[Records from a data source]
--- --- ---
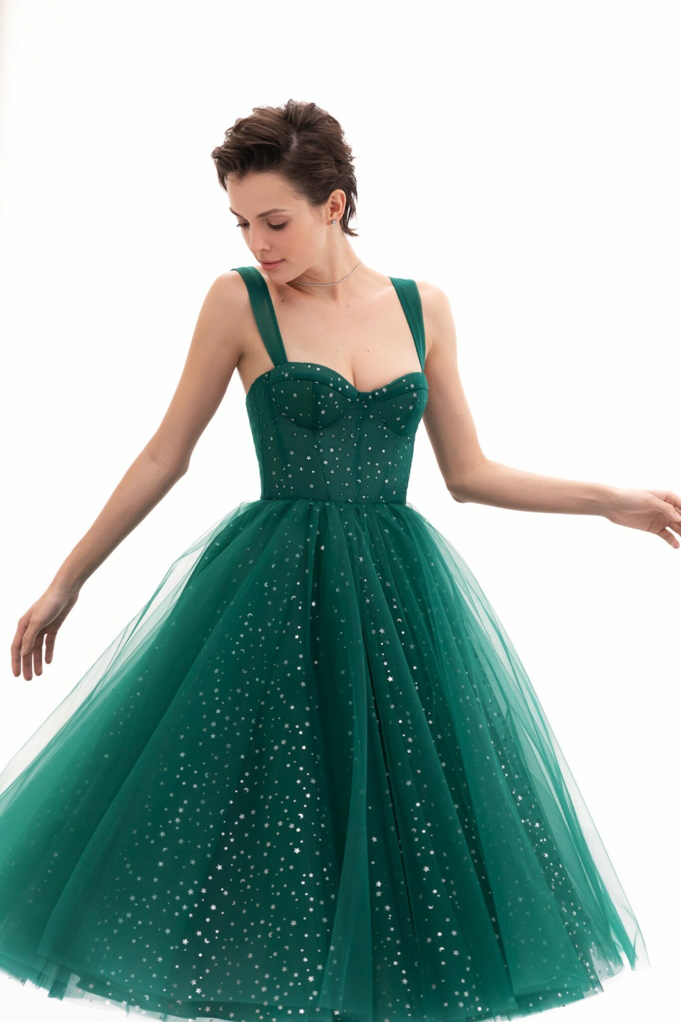 SS2022 Evening CollectionAn ode to modern elegance, the 22130 evening dress with its rich sparkle, tulle and a-line silhouette is a wardrobe masterpiece.
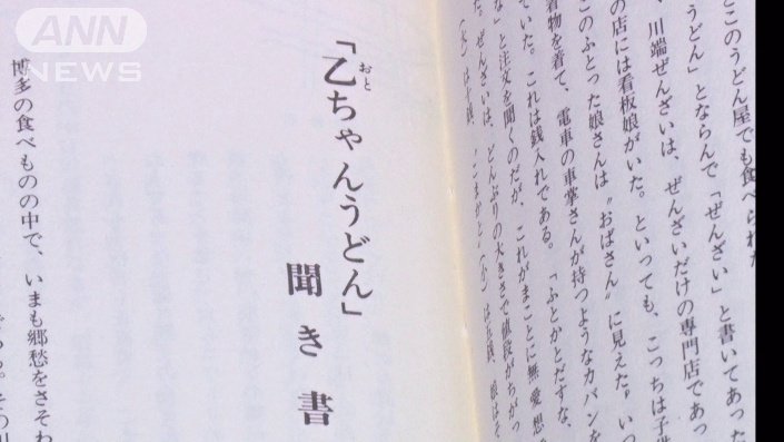 博多の歴史や文化を記した貴重な文献の中に、乙ちゃんうどんを発見しました!挿絵を見ると、のれんに確かに「ごぼう天」の文字。さらに「うどんのすめ(=だし)もおいしかったが、裏で揚げていたイモ、ゴボウ、イワシなど入れて食べるとさらにおいしかった」との記載がありました。
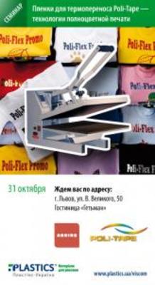 Компания «Пластикс-Украина» рада пригласить Вас во Львов 31 октября принять участие в семинаре: «Пленки для термопереноса – технологии полноцветной печати. Пресса Adkins».
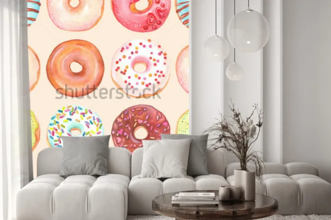 Fototapeta: Bezszwowy tło akwareli kolorowi donuts glazurujący.
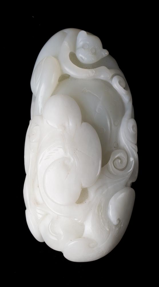 Finely carved to depict ruyi with a monkey at the top. 3.75" L, circa 20th century.
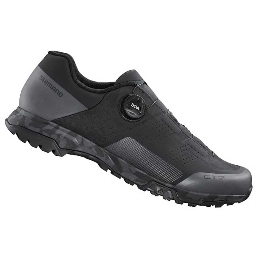 La zapatilla Shimano ET700 MTB Shoes han sido diseñadas para el ciclismo de montaña y el de aventura pues cuenta con todas las características que necesitas para vivir una experiencia de lujo, con gran agarre y control del pedal, estabilidad, tracción al caminar, comodidad y hasta detalles reflectantes que te harán visible en la noche.
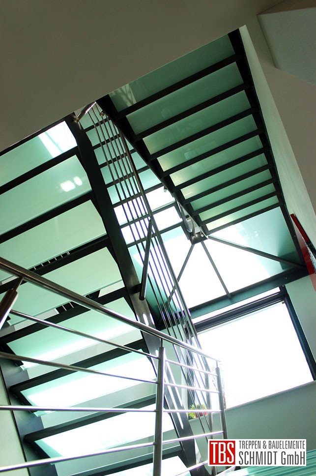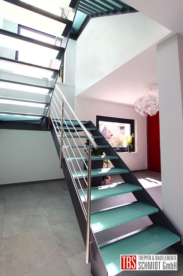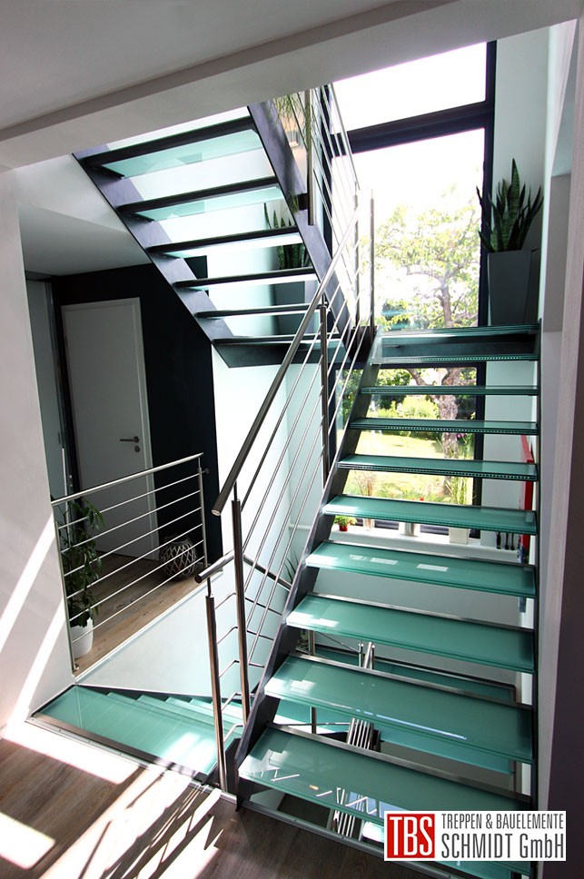 Die halbgewendelte Glastreppe führt über zwei Stockwerke durch das Treppenhaus und wird durch ein Glaspodest unterbrochen. In den Stufen sind LED Lichter integriert. Das Edelstahlgeländer sitzt klassisch jeweils zur Innenseite der Treppe.
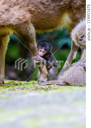 ヤクザルの子ども ヤクシカの足をつかむ 世界自然遺産屋久島(春
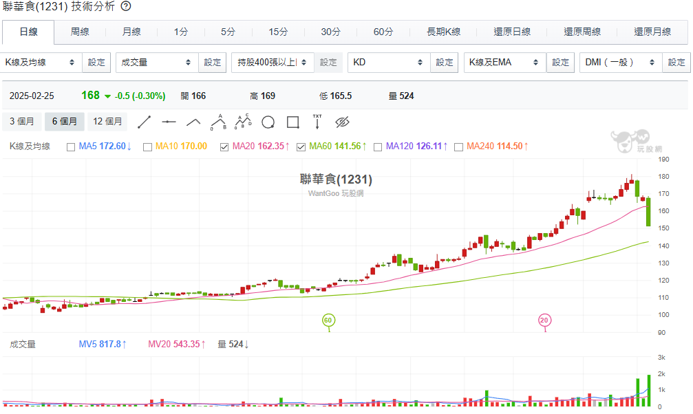 從基本面來看,聯華食品2024年業績與過去相當,全年EPS維持在4元左右。然而,隨著近年多數股票本益比上調,使許多股票價格都向上走高,聯華食與其他食品股比較起來,漲幅相對的多出許多。在市場擔憂2025年成長趨緩,特別是2025年市場相對不穩定的情況下,需求相對減弱,進一步加劇投資人的疑慮,促使主力逢高獲利了結。
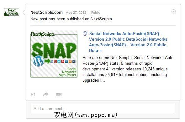 SNAP是一个WordPress插件,提供各种社交网络发布到:Facebook,Twitter,LinkedIn,Blogger,Tumblr,甚至Pinterest和Google+。它允许您发布以发布到个人资料和页面。不过,在让您兴奋不已之前,我无法不带您进一步说,要让Google+和Pinterest工作,您需要一个特殊的库模块。容易吧?好吧...我也这么认为。实际上,我打算将整个帖子专用于此插件,直到我意识到该模块的价格为49美元。对我来说那是裤子上的踢脚。坦白地说,这不值得,我宁愿手动发布到Googe +,并避免在发布API之前自动发布的“便利"。
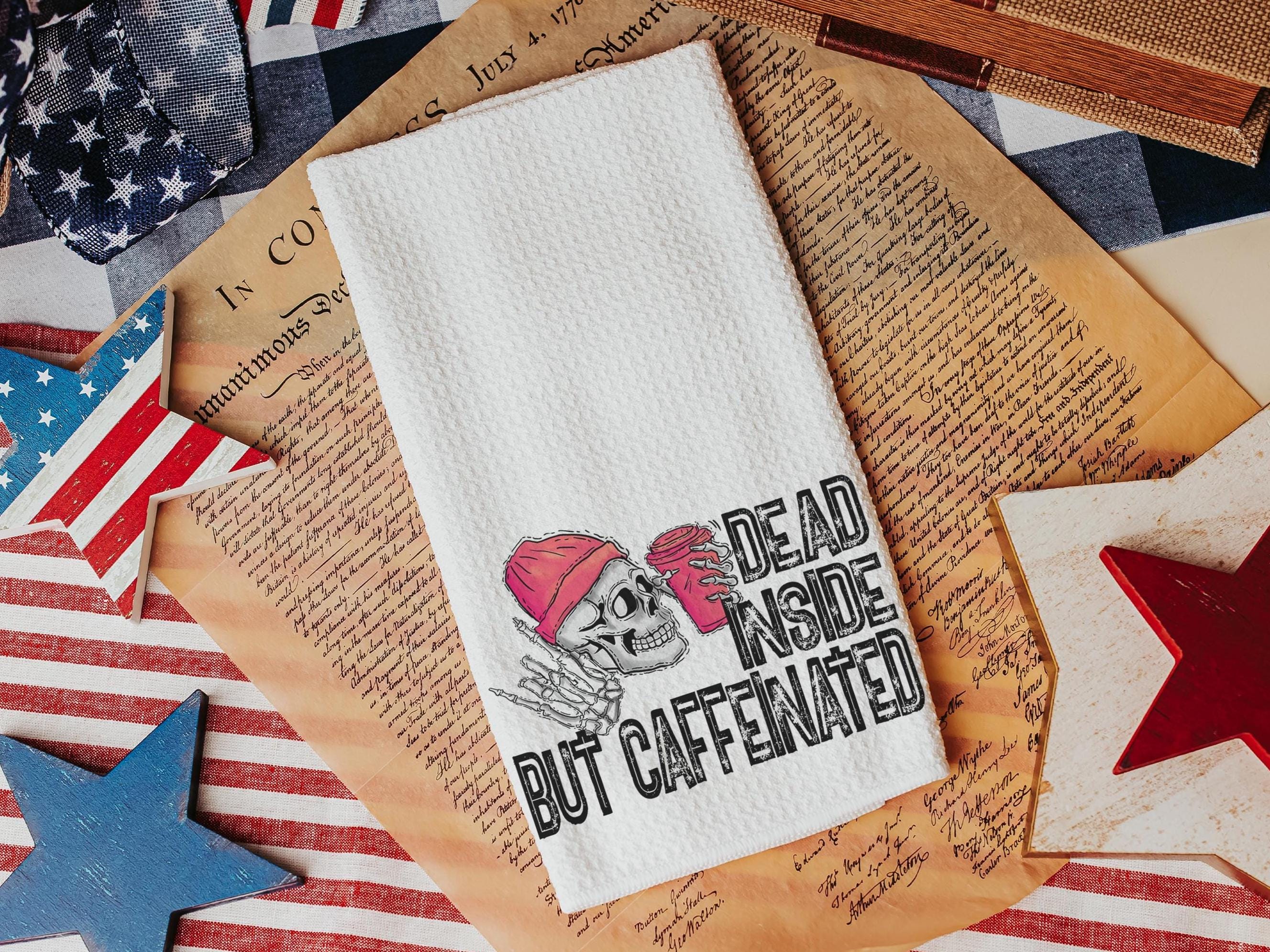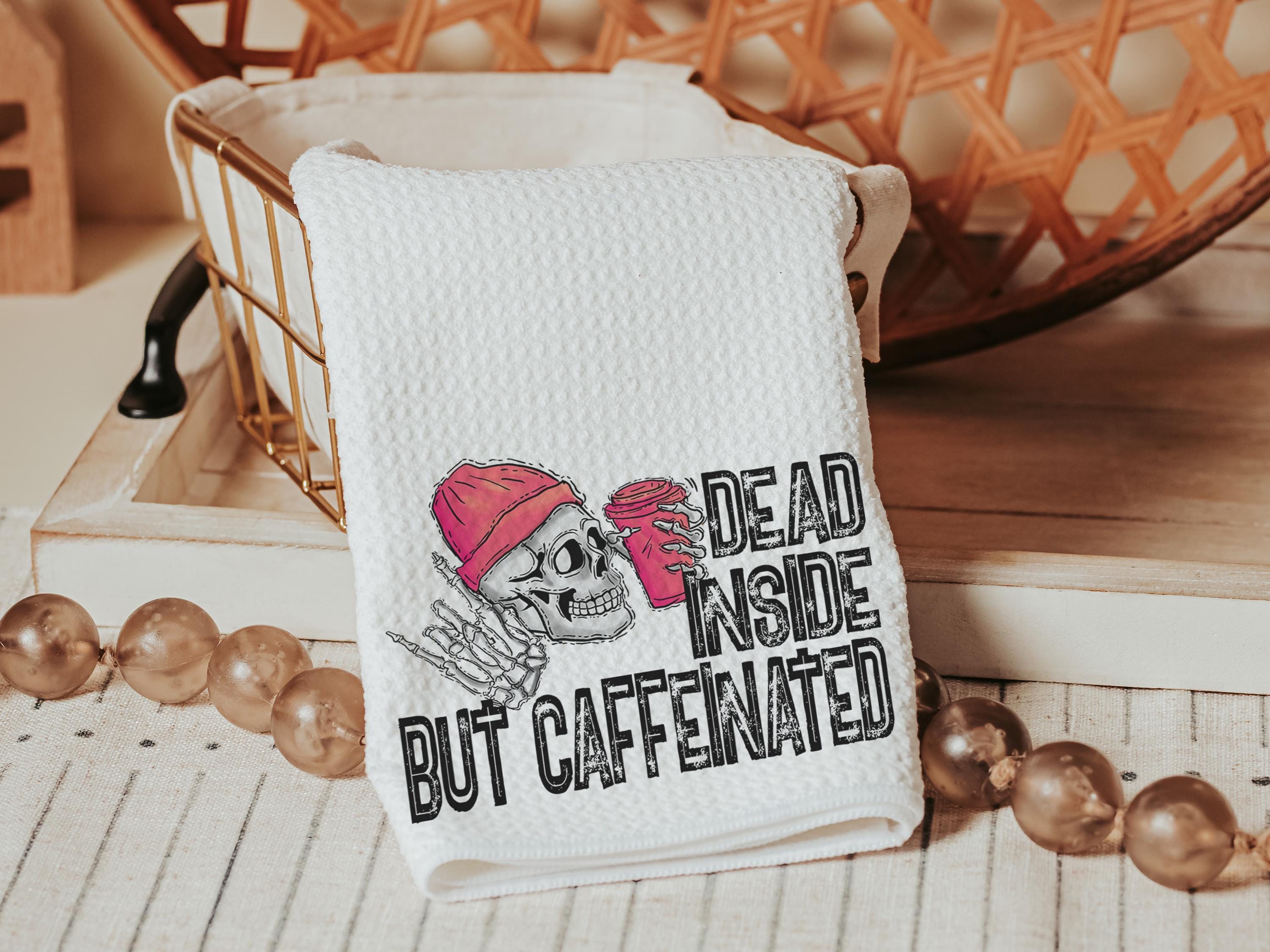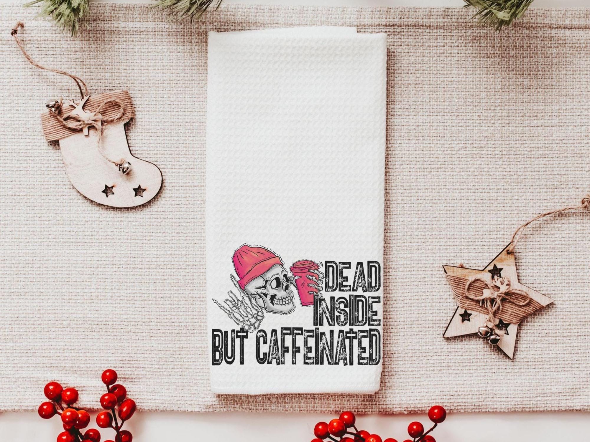 Add humor to your coffee bar with Dead Inside but Caffeinated kitchen towels — perfect for coffee addicts and caffeine-loving besties. These funny hand towels make great sarcastic gifts for coworkers or fun coffee lover gifts.
--- --- ---
> _HOW TO COMPLETE THIS TASK_
Each entry above should be returned exactly as written, minus its pictures.

> _TASK ANSWER_
 SS2022 Evening CollectionAn ode to modern elegance, the 22130 evening dress with its rich sparkle, tulle and a-line silhouette is a wardrobe masterpiece.
 博多の歴史や文化を記した貴重な文献の中に、乙ちゃんうどんを発見しました!挿絵を見ると、のれんに確かに「ごぼう天」の文字。さらに「うどんのすめ(=だし)もおいしかったが、裏で揚げていたイモ、ゴボウ、イワシなど入れて食べるとさらにおいしかった」との記載がありました。
 Компания «Пластикс-Украина» рада пригласить Вас во Львов 31 октября принять участие в семинаре: «Пленки для термопереноса – технологии полноцветной печати. Пресса Adkins».
 Fototapeta: Bezszwowy tło akwareli kolorowi donuts glazurujący.
 Finely carved to depict ruyi with a monkey at the top. 3.75" L, circa 20th century.
 La zapatilla Shimano ET700 MTB Shoes han sido diseñadas para el ciclismo de montaña y el de aventura pues cuenta con todas las características que necesitas para vivir una experiencia de lujo, con gran agarre y control del pedal, estabilidad, tracción al caminar, comodidad y hasta detalles reflectantes que te harán visible en la noche.
 Die halbgewendelte Glastreppe führt über zwei Stockwerke durch das Treppenhaus und wird durch ein Glaspodest unterbrochen. In den Stufen sind LED Lichter integriert. Das Edelstahlgeländer sitzt klassisch jeweils zur Innenseite der Treppe.
 ヤクザルの子ども ヤクシカの足をつかむ 世界自然遺産屋久島(春
 從基本面來看,聯華食品2024年業績與過去相當,全年EPS維持在4元左右。然而,隨著近年多數股票本益比上調,使許多股票價格都向上走高,聯華食與其他食品股比較起來,漲幅相對的多出許多。在市場擔憂2025年成長趨緩,特別是2025年市場相對不穩定的情況下,需求相對減弱,進一步加劇投資人的疑慮,促使主力逢高獲利了結。
 SNAP是一个WordPress插件,提供各种社交网络发布到:Facebook,Twitter,LinkedIn,Blogger,Tumblr,甚至Pinterest和Google+。它允许您发布以发布到个人资料和页面。不过,在让您兴奋不已之前,我无法不带您进一步说,要让Google+和Pinterest工作,您需要一个特殊的库模块。容易吧?好吧...我也这么认为。实际上,我打算将整个帖子专用于此插件,直到我意识到该模块的价格为49美元。对我来说那是裤子上的踢脚。坦白地说,这不值得,我宁愿手动发布到Googe +,并避免在发布API之前自动发布的“便利"。
 Add humor to your coffee bar with Dead Inside but Caffeinated kitchen towels — perfect for coffee addicts and caffeine-loving besties. These funny hand towels make great sarcastic gifts for coworkers or fun coffee lover gifts.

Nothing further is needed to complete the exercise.